If it’s not obvious by now, it turns out that sacrifice is not noble in of itself. Just like the promise of virgins in the afterlife, sacrifice is encouraged to further the ends of the powers that be. Sacrifice is not moral in any proactive sense. Sacrifice is an exchange that purposefully results in net loss for the sacrificial party, and for the extortionist’s unearned gain. To return to the definition above, what I mean by one’s true interest is one of direct aspiration and genuine direction. When you choose to be allowed to live each time while being mugged routinely by a scoundrel, that is not true interest, as no man of real esteem would tolerate the sustenance of that routine in which he has his property stolen and the perpetrator enabled. Sacrifice is a result of a helpless, often tragic, situation.

I can hear this already: if you didn’t give the mugger your money, does it mean you prefer they kill you? They get even more creative: would you rather your children stay kidnapped than give the kidnappers the ransom? Funny how we’re stuck in these set of rules that savages set for us. It is in fact true that oftentimes you are made to make that sacrifice, but we’re talking about a tragic hypothetical situation that shouldn’t have to happen.

The picking of the damn sacrifice is never truly elective. It is forced inevitably by forces of nature that we can’t control and too often by looters, from the small time muggers to those that extort money in the form of taxation. Besides, what makes you think one day they won’t just follow through with their threats even if you did pay the sacrifice? The one you are beholden to is in a special place of usurped power over you, and he sets his arbitrary rules.

You sacrifice to appease, that is, to keep the monster happy in meager hopes that he won’t do something worse. You may live another day, but you have not warded off the monster, neither in principle nor in practice. You saved the village today, but you’ve also sustained the cycle. A true heroic act is an assertive act of living to uphold a value positively. There is nothing heroic about professing to love your enemy, who only values you as a sacrificial means to his end.

Sacrifice is Not Giving

It almost feels sacrilegious to even conceive of giving as having a return by design. The act of giving with no expectation of something in return is considered the purest form of giving, and a force of good. But what is the nature of giving something without the expectation of something in return? You had something, and now you’ve given it to somebody else, end of story. This looks like a loss on your part, as somebody gained.

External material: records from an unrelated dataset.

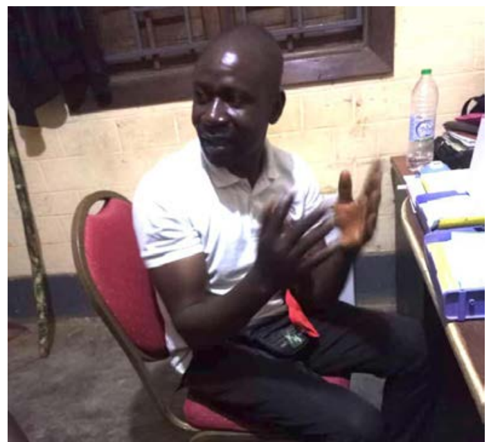
A pangolin scales trafficker arrested with 3 leopard skins and 331 kg of pangolin scales
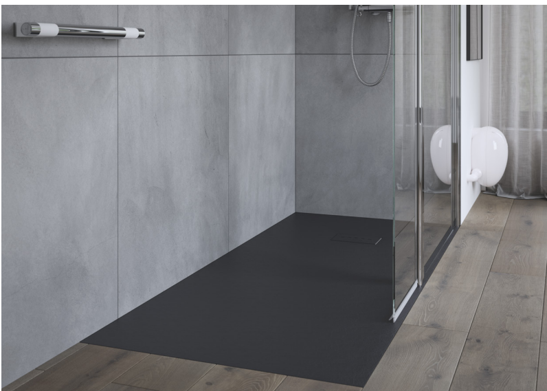
FastDEK installed on finished floor.
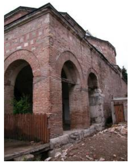
Close-up of piers. Note that the piers are of brick. Also note the high-quality of the cloisonné work and that the portico and sanctuary are of a single piece. Signs of excavation work are visible in the foreground.
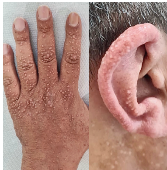
Figure 2. Smooth papules of left dorsal hand prior to the therapy.
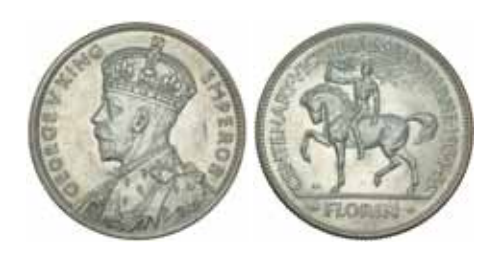
1357* George V , 1934-35 Melbourne Centenary. Well struck frosty mint bloom, uncirculated with Foy's bag (very fine).
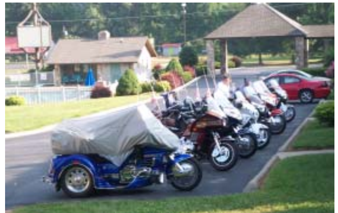
The Tally Ho Gang Chariots

Finally don't forget about the bi-State convention scheduled this month. Take advantage of the fact that it will be in our back yard this year and try to attend. Stay the week or stay just for a day. I have been involved with some of the planning and we all should have a good time. There are rides, seminars, vendors and parties planned. There should be a sign up page in this newsletter or you can go to http://gwrra-ny.org/bistateconvention2011.htm for more information.
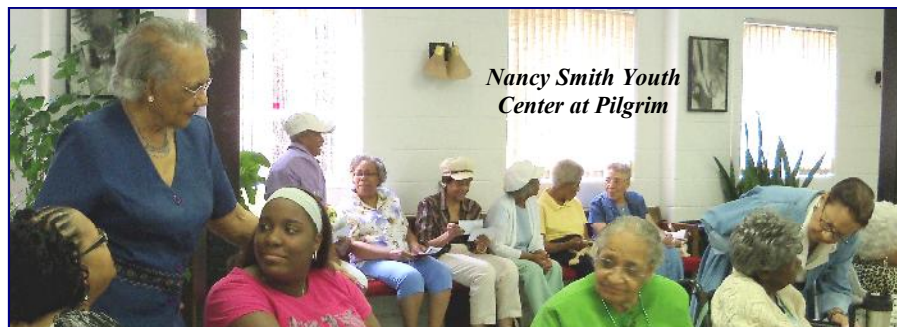
Nancy Smith Youth Center at Pilgrim
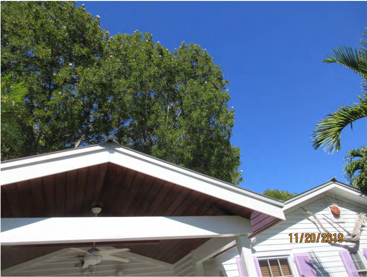
Standing in front of the house, one additional photo of the tree canopy, view 3.
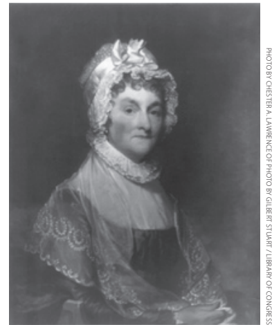
PHOTO BY CHESTER A. LAWRENCE OF PHOTO BY GILBERT STUART / LIBRARY OF CONGRESS
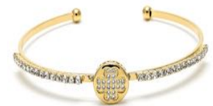
GOLD LAYERED 07.97.0050 INDIVIDUAL BANGLE, WITH CUBIC ZIRCONIA, GOLD TONE
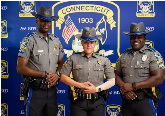
Connecticut State Troopers

The American Legion Connecticut State Police Youth Week is designed to provide an insight into the training and professional expectations of a police officer. The program is mentally and physically demanding, patterned after recruit training at the State Police Training Academy. It offers an excellent opportunity for students considering a career in law enforcement to gain first-hand knowledge of the training and duties of a police officer. The program is NOT a recreational camp, nor a disciplinary camp for problem youths. Students must be recommended for the program, be in good academic standing, and physically fit. Training is conducted in a paramilitary atmosphere, fostering a positive attitude among the cadets and enabling them to achieve goals they may have imagined as unattainable.
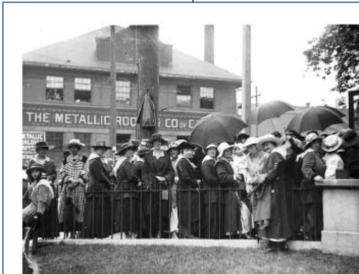
Some of the 4,000 women war workers lined up for their last pay in 1918. Employment in the area peaked during the World Wars.

After the Second World War, industries began to move to the suburbs and the area hollowed out. The To-
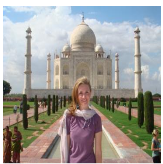
In front of an architectural wonder
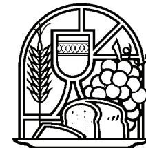
Ordinance of the Lord's Supper
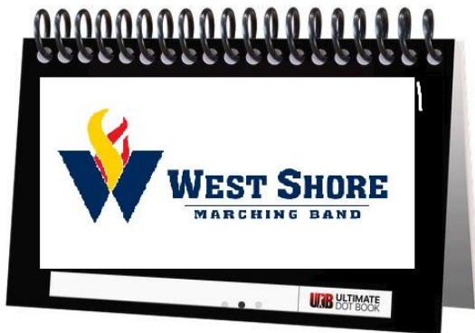
On the outside
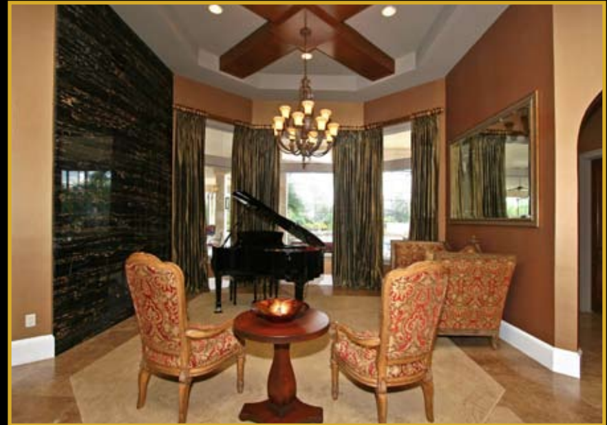
Formal Living Room
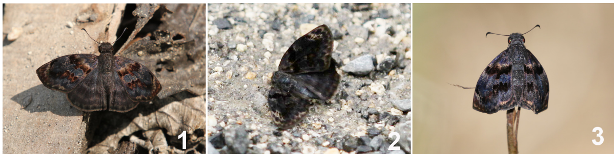
FIGURES 1–3. Adults of Chiomara gundlachi stat. rev. 1—Outskirts of Vallecito village, Pinar del Río, Cuba. 2—same data, road kill. 3—La Movida, outskirts of Santa Clara city, Villa Clara Cuba.

DNA extraction, PCR amplification, and sequencing of the COI barcode region were performed by the Canadian Centre for DNA Barcoding (CCDB). Polymerase chain reactions used the primer pair LepF1—ATTCAACCAATCATAAAGATATTGG and LepR1—TAAACTTCTGGATGTCCAAAAAATCA (Hebert et al. 2004) which recovers a 658 bp region near the 5' end of COI including the 648 bp barcode region for the animal kingdom (Hebert et al. 2003). Our two new sequences were submitted to GenBank: MK253654–55. COI barcode sequences of continental C. mithrax were downloaded from GenBank: JF777766, GU658613–14, GU658617–20, GU658246.. We examined adult specimens deposited at the Zoologische Staatssammlung München (ZSM), Munich, Germany and the Institute of Ecology and Systematics (CZACC) in Havana, Cuba. Genitalia dissections were made using standard techniques. Abdomens were soaked in hot 10% potassium hydroxide for one hour before dissection. The structures were then dehydrated in an alcoholic series and mounted on slides using Euparal.
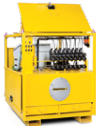
EVO-Series, Synchronous Lifting Systems
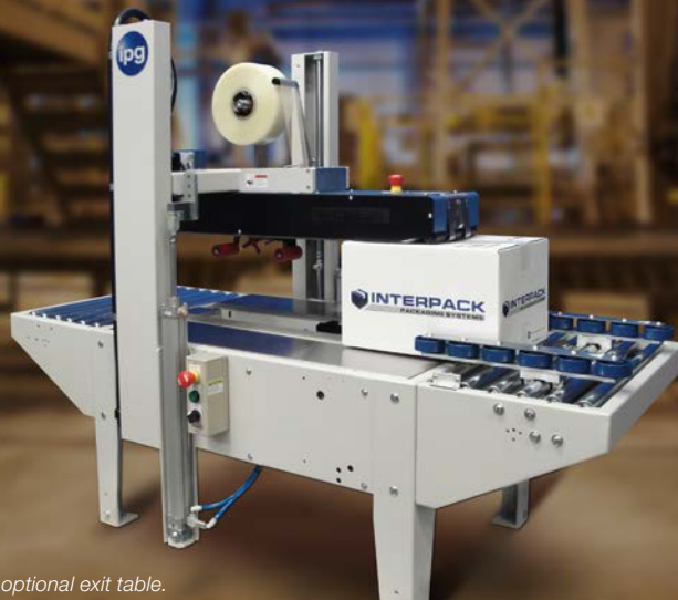
Shown with optional exit table.
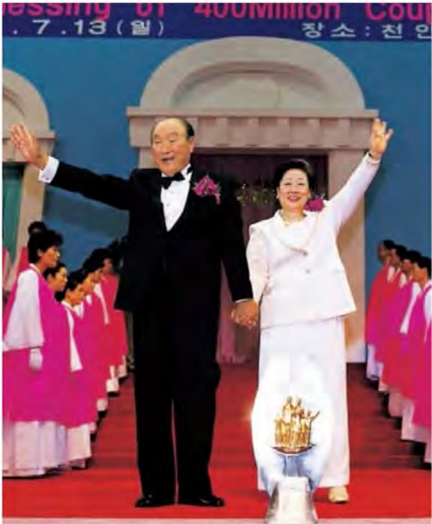
Father and Mother Moon 13th July 2003.

In his benediction prayer, Father Moon said,
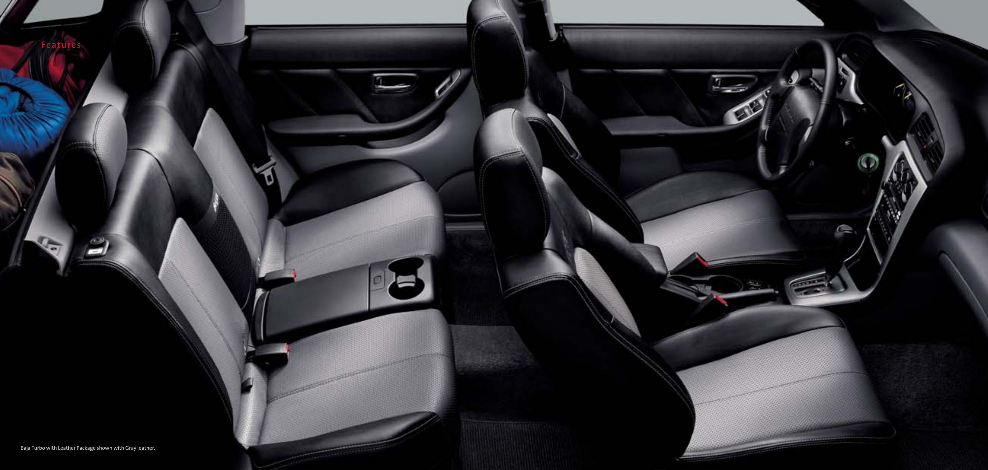
Baja Turbo with Leather Package shown with Gray leather.

Most open-bed vehicles make you sacrifice comfort for versatility. Not so with the Baja. The refined cabin, upholstered in durable cloth, features such amenities as power windows and mirrors, ambient temperature gauge, keyless entry and in-dash CD player. Rear passengers will enjoy the full-size seats, cupholders, a storage bin and individual head restraints. In the Baja, civility doesn't take a back seat to capability.
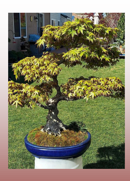
Old Maple Tree
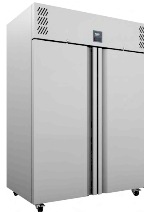
LJ2SA HC R3
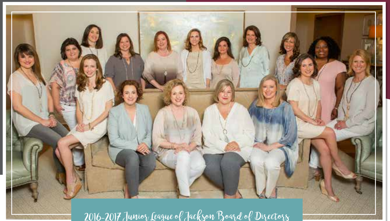
2016-2017 Junior League of Jackson Board of Directors
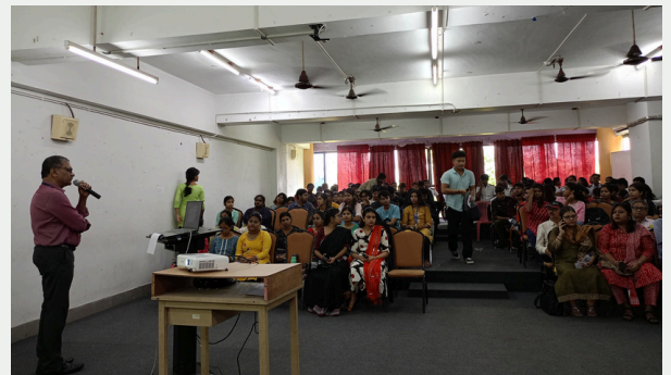
Awareness program for college students of Neotia University was conducted at their university campus on 18th September 2024 on "Creating a culture of care: Enhancing Mental Health & Suicide prevention in work place & beyond"
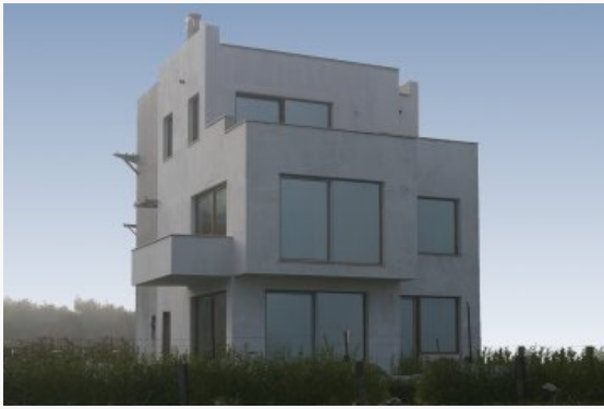
Villa Una 1
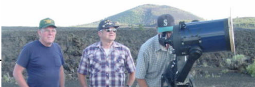
Viewers at a previous Craters event

of June is the month of the first Craters of the Moon Star Party. It will be held Friday night June 10 and Saturday night June 11. This is the same weekend as our scheduled June Meeting so we will probably have it at Craters. This is always a fun event at a very picturesque site.
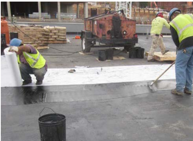
Crews installing hot rubberized asphalt.

But you might respond: “It’s not that I got nothing from it, I am glad to have given what I did!”. Why are you glad for that? Is it merely the fact that the recipient has what you gave him, or is it something more? Perhaps the act of giving was not only not a loss for you, but you wanted the recipient to have it. Perhaps you derive fulfillment from seeing somebody gain something you thought he needed. Perhaps the fulfillment comes from a sense of satisfaction that you were able to do provide it. The bottom line is, you’ve gained something. Gain is not just money. Gain is not just a personal favor. Gain is also a value and objective fulfilled.

Self-interest is not in contradiction to your values. In fact, there is a direct connection. You want to see your values applied to the world. You want to make the things you want to see in this world happen. When you are able to make that happen out of your own free will, you gain. When you give freely, you aren’t taking a loss. You aren’t sacrificing, and that is good.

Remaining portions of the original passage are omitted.